C. Your Data Privacy Rights
The rights of a data subject as provided in the Act should be observed when processing personal data, which shall include the following:
- Right to be informed
- Right to object
- Right to access
- Right to rectification
- Right to erasure or blocking
- Right to secure data portability
- Right to be indemnified
- Right to lodge a complaint
CDA Co-opBiz’s decision to provide access, consider requests for correction or erasure, and address objections to process data as it appears in the Authority’s official records, are always subject to applicable internal policies, relevant laws, and regulations.
A. Security Measures
As a personal information controller, CDA Co-opBiz imposes reasonable and appropriate physical, technical, and organizational security measures which must be implemented to maintain the availability, integrity, and confidentiality of personal data and protect them against natural dangers such as accidental loss or destruction, and human dangers such as unlawful access, fraudulent misuse, unlawful destruction, alteration, and contamination. We put safeguards such as the following:
- We keep and protect data using a secured server behind a firewall, deploying encryption on computing devices and physical security controls
- We restrict access to your personal data only to qualified and authorized personnel who hold your personal data with strict confidentiality
- We train our employees to properly handle your data and
- We require our third parties to protect personal data aligned with our own security standards.

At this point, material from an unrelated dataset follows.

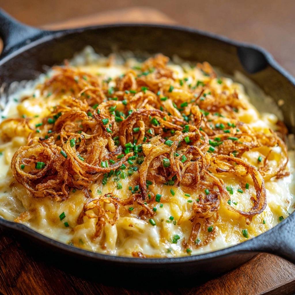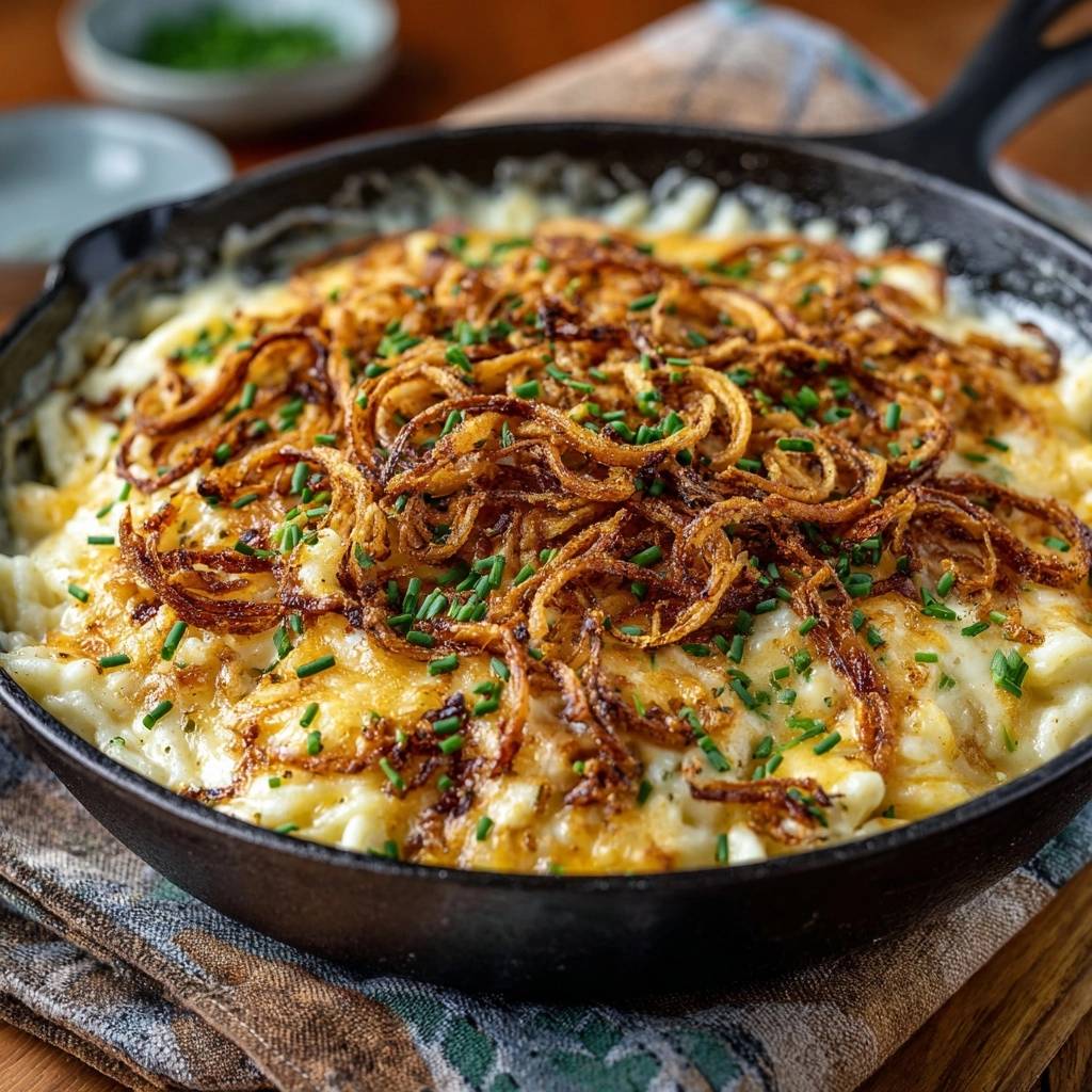 Stell dir vor, du beißt in diese cremige Käsekruste, die unter den Zähnen knackt, und darunter wartet pure Seide aus Nudeln und Sauce. Der Duft von goldbraun gebackenen Zwiebeln mischt sich mit dem herzhaften Käse, und alles schmilzt auf der Zunge. Ich hab das letztens für die Familie gemacht, und die Teller waren leer, bevor ich blinzeln konnte.

B. Sanctions and Penalties for Non-Compliance
Violation of this Policy, the Act, and its IRR, will be dealt with in accordance with an established disciplinary action and appropriate responses for potential legal actions, including civil and criminal actions.
III. PRIVACY CONCERNS AND INQUIRIES
If you have other concerns about our data protection/privacy practices, or wish to exercise any rights you may have under applicable law, please feel free to contact our Data Protection Officer through the Cooperative Project Development and Assistance Division (CPDAD) or in the following manner:
ATTY. MONA LIZA ARRIBA-JUAREZ
Data Protection Officer & Deputy Administrator II
General Administration and Support Service
Cooperative Development Authority Head Office
827 Aurora Boulevard, Brgy. Immaculate Conception,
Cubao, Quezon City 1111
THRU: THE CHIEF, CPDAD
VI .CHANGES TO OUR DATA PRIVACY NOTICE
You also authorize CDA Co-opBiz to disclose your data to accredited or affiliated third parties or independent/non-affiliated third parties, whether local or foreign, in the following circumstances:
- As necessary for the proper execution of processes related to the declared purpose; ● The use or disclosure is reasonably necessary, required or authorized by or under law; and ● Provided security systems are employed to protect my data.
Consenting to this Privacy Notice, however, does not waive any of your rights under the Data Privacy Act of 2012.